The eggheads – based at at the University of Pennsylvania and the University of Maryland, Baltimore County, in the US – enlisted OpenAI's large language models (LLMs) to help with fantasy role playing, specifically Dungeons & Dragons (D&D).
In a preprint paper titled "CALYPSO: LLMs as Dungeon Masters' Assistants," Andrew Zhu, a UPenn doctoral student; Lara Martin, assistant professor at UMBC; Andrew Head, assistant professor at UPenn; and Chris Callison-Burch, associate professor at UPenn, explain how they made use of LLMs to enhance a game that depends highly on human interaction.

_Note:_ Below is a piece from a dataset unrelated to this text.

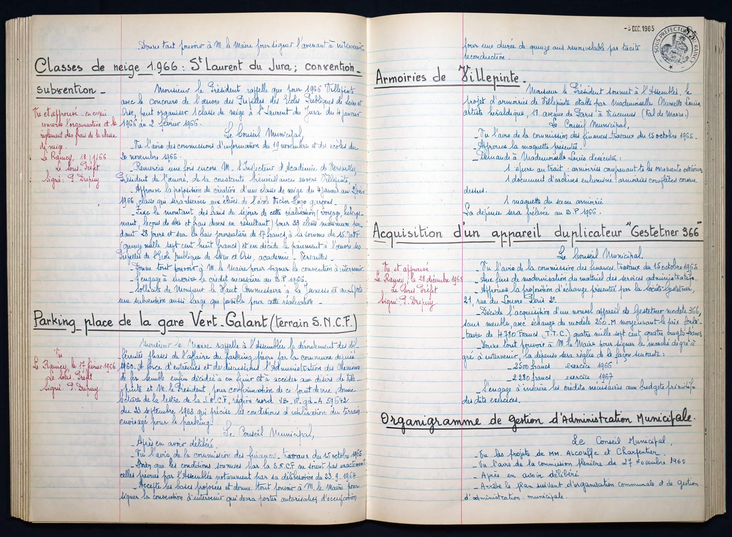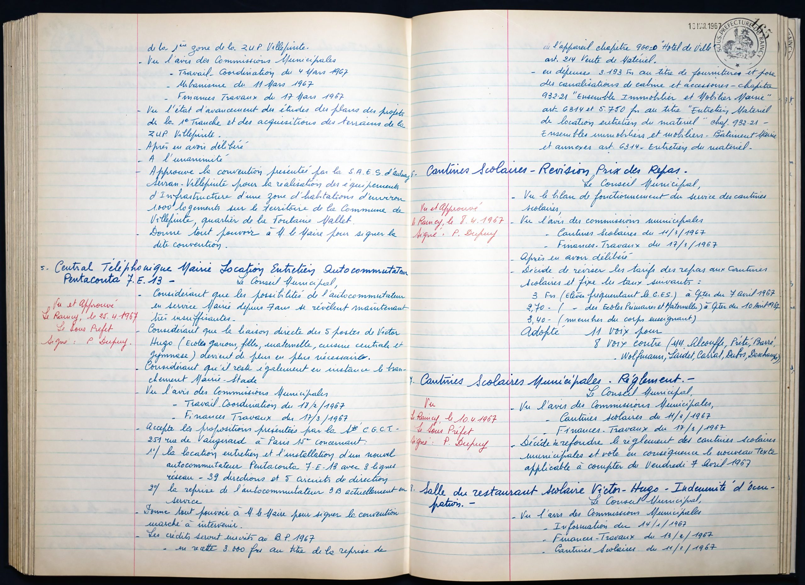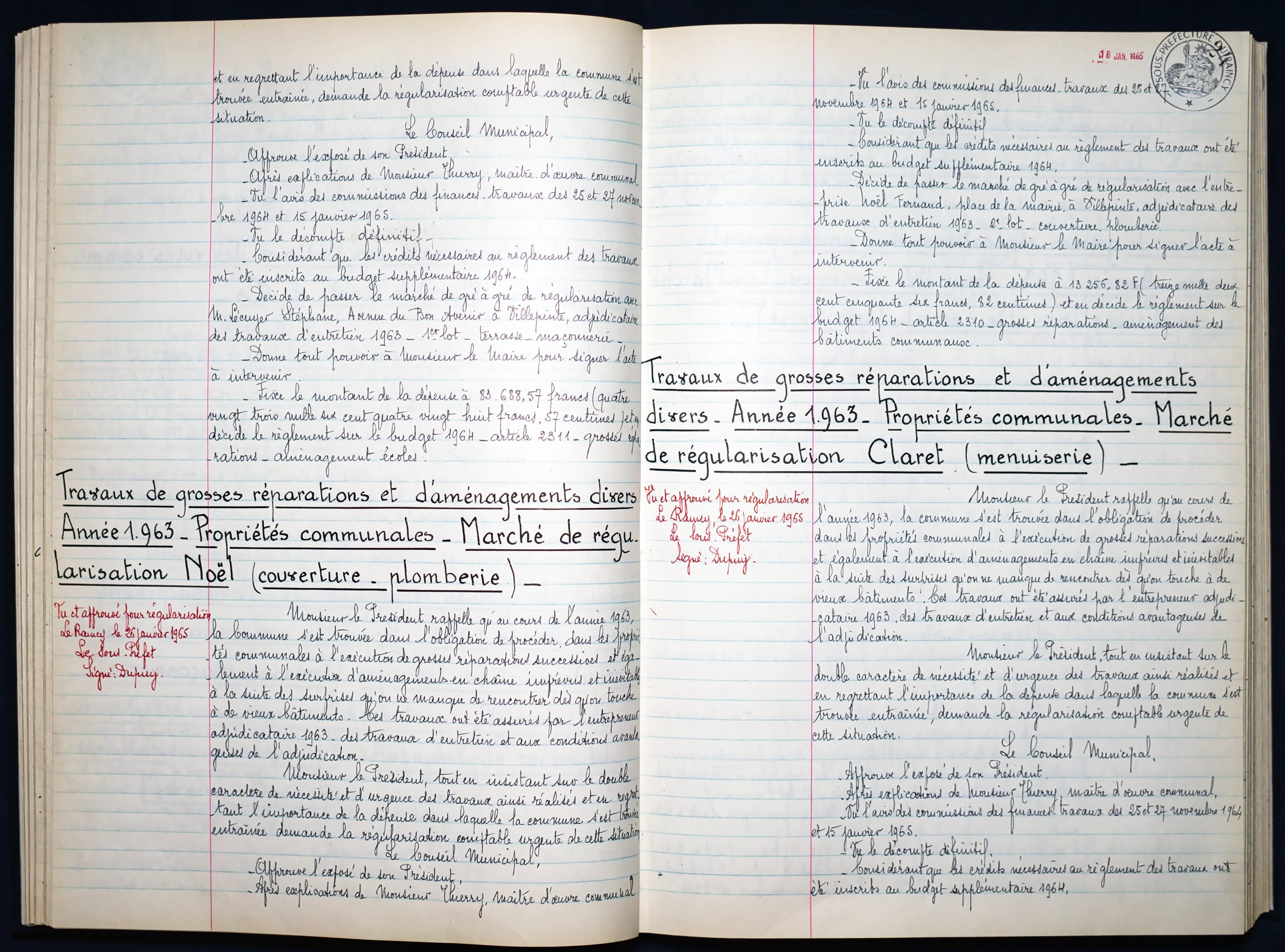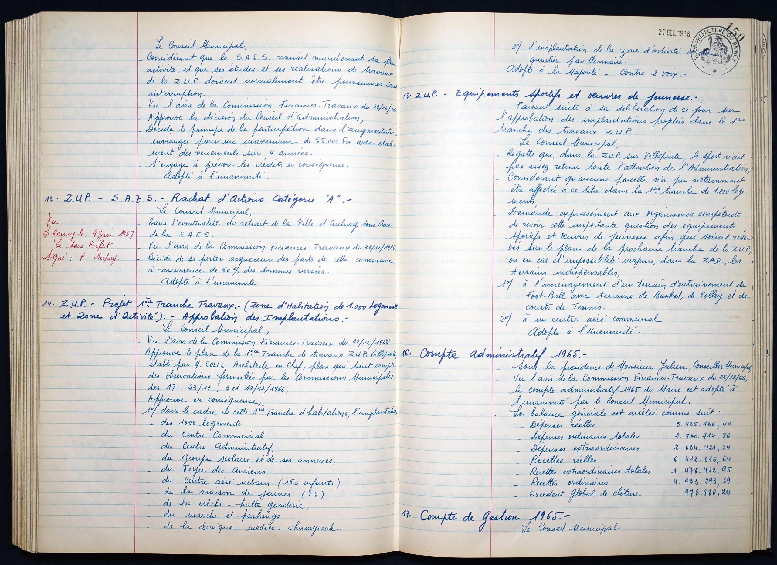 Délibérations du Conseil Municipal 1964 à 1967 1964 : folio n°3 à n°201965 : folio n°20 à n°1021966 : folio n°103 à n°1531967 : folio n°154 à n°203 1964 : folio n°3 à n°201965 : folio n°20 à n°1021966 : folio n°103 à n°1531967 : folio n°154 à n°203

D&D first appeared in 1974 as a role-playing game (RPG) in which players assumed the roles of adventuring medieval heroes and acted out those personalities under a storyline directed by a dungeon master (DM) or game master (GM). The prerequisites were a set of rules – published at the time by Tactical Studies Rules – polyhedral dice, pencil, paper, and a shared commitment to interactive storytelling and modest theatrics. Snacks, technically optional, should be assumed.
Alongside such tabletop roleplaying, the proliferation of personal computers in the 1980s led to various computerized versions, both in terms of computer-aided play and entirely electronic simulations – like the recently released Baldur's Gate 3, to name just one of hundreds of titles inspired by D&D and other RPGs.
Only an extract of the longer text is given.